How do you create a user using RESTServer in Drupal?

Using REST Server 6.x-2.0-beta3, I'm trying to understand how to post to user.save.
curl -d 'XX' -v http://localhost/services/rest/service_user/save
I've tried to replace XX with:
account{'name':'myname','pass':'mypassword','mail':'my#email.org'}
account = {'name':'myname','pass':'mypassword','mail':'my#email.org'}
account="name=myname,pass=mypassword,mail=myemail.org"
account=name=myname,pass=mypassword,mail=myemail.org
account=myname,mypassword,myemail.org
But none of these seems to be right and finding any documention regarding this is next to impossible.

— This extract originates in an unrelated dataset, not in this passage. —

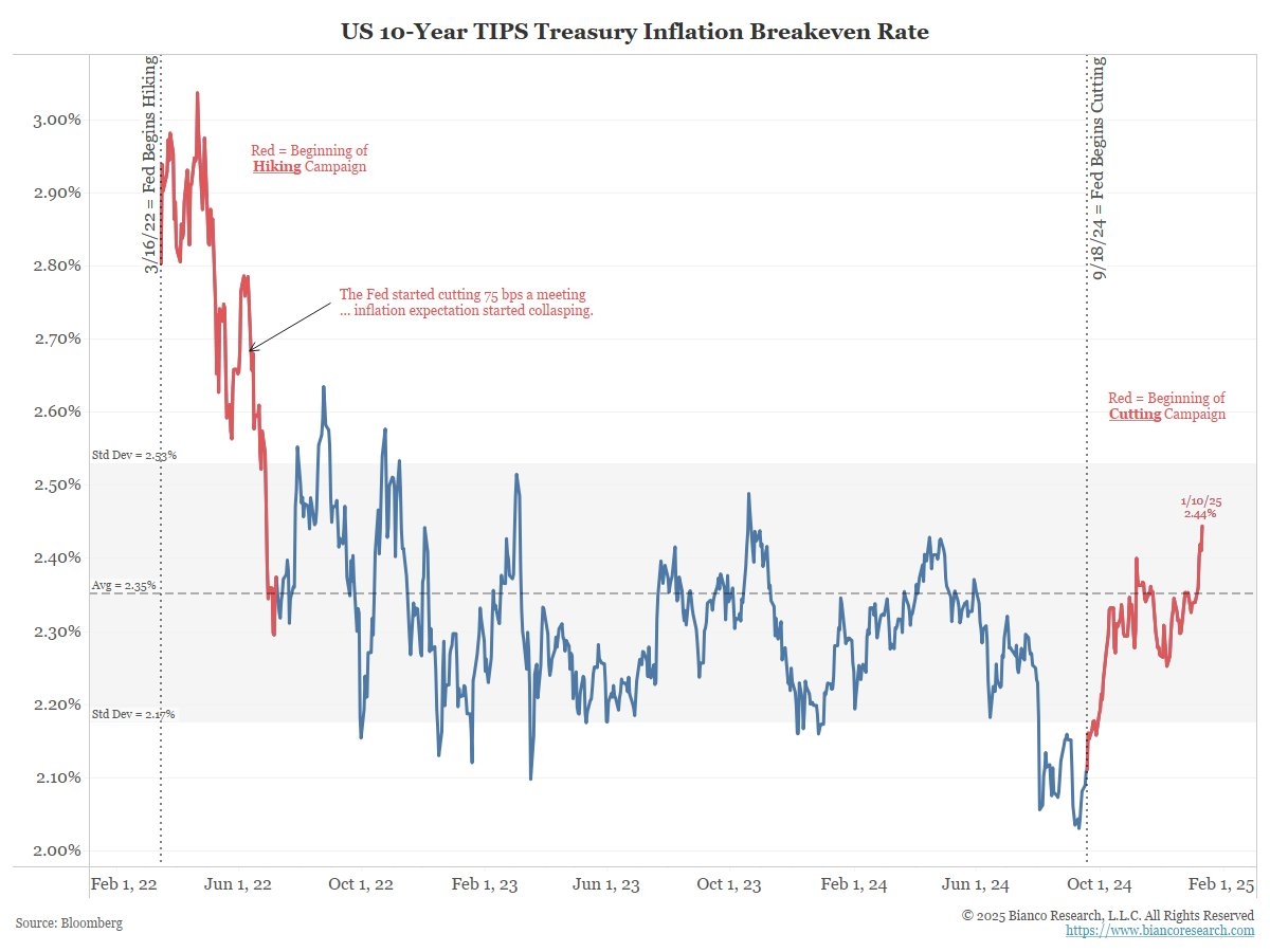 ②从十年期 TIPS通胀保护债券的表现看,市场不再视降息为刺激经济的正面信号,而是担忧降息可能进一步加剧通胀压力,这种情况下,联储不再降息反而会成为利好。1月15日将公布通货膨胀数据,到时候看市场如何表现。

I've also tried the following:
curl -H "Content-Type: application/json" -d 'account={"name":"myname","pass":"mypassword","email":"123"}' -v http://localhost/services/rest/service_user/save
The error I get in this case is:
HTTP/1.0 406 Not Acceptable: Missing required argument account
Hi I also just started working with this module and wondering how to create content using JSON.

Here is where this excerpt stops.